I wanted to start something new. I wanted to post some new tracks I have been working on for my new solo album and also working on for a long time collaborator and friend’s new album (both coming soon) and talk about the ideas, inspiration, and production techniques behind making them.
Drnem79 – 79 BPMs. This track was inspired by one of my all time favorite music producers of all time and his many classic collaborations with one of my all time favorite musicians of all time. This is the legendary Dr. Dre and his work with the shady one, Eminem. “What’s the Difference” from Dr. Dre’s second solo album Dr. Dre 2001, first came to mind when composing this particular track, based on it’s epic, large scale, orchestrated sound and how complimentary it was for Eminem’s crazy delivery and lyrics. If I recall, Dre actually recruited a small symphony to play on the track. For this one, I started with a simple string section and built from there. Obviously I don’t have the means to introduce an actual symphony on my track, but I wanted this song to have the same feel of a symphony playing. The best way to try to achieve this on a small scale, was to include many of the components or instruments you would expect to hear with a symphony and using the reverb and effect techniques to create a large open feel or create a good amount of head space in the recording with EQing and mixing techniques.
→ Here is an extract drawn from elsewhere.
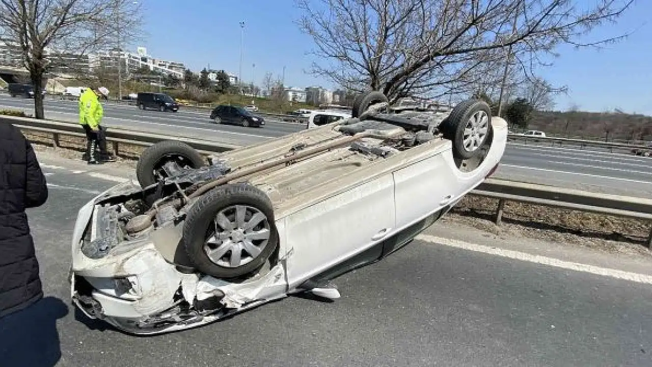 TEM otoyolunda cipin tekerine vuran otomobil takla attı: 1 yaralı

After the strings, I wanted to add a lead instrument during the middle of the verse sections so I decided to add brass as well as a piano lead. One thing I noticed with Dr Dre’s hip hop production specifically and generally, high level music production is that the song builds layers of instruments as you go along, almost like a crescendo effect to build a climax within the song. This is a departure from most hip hop production which is a lot of times, just simple samples or drum and bass loops played repetitiously and they then rely on the vocalist and or simple instrument or sample drop outs to create the variety and climactic action.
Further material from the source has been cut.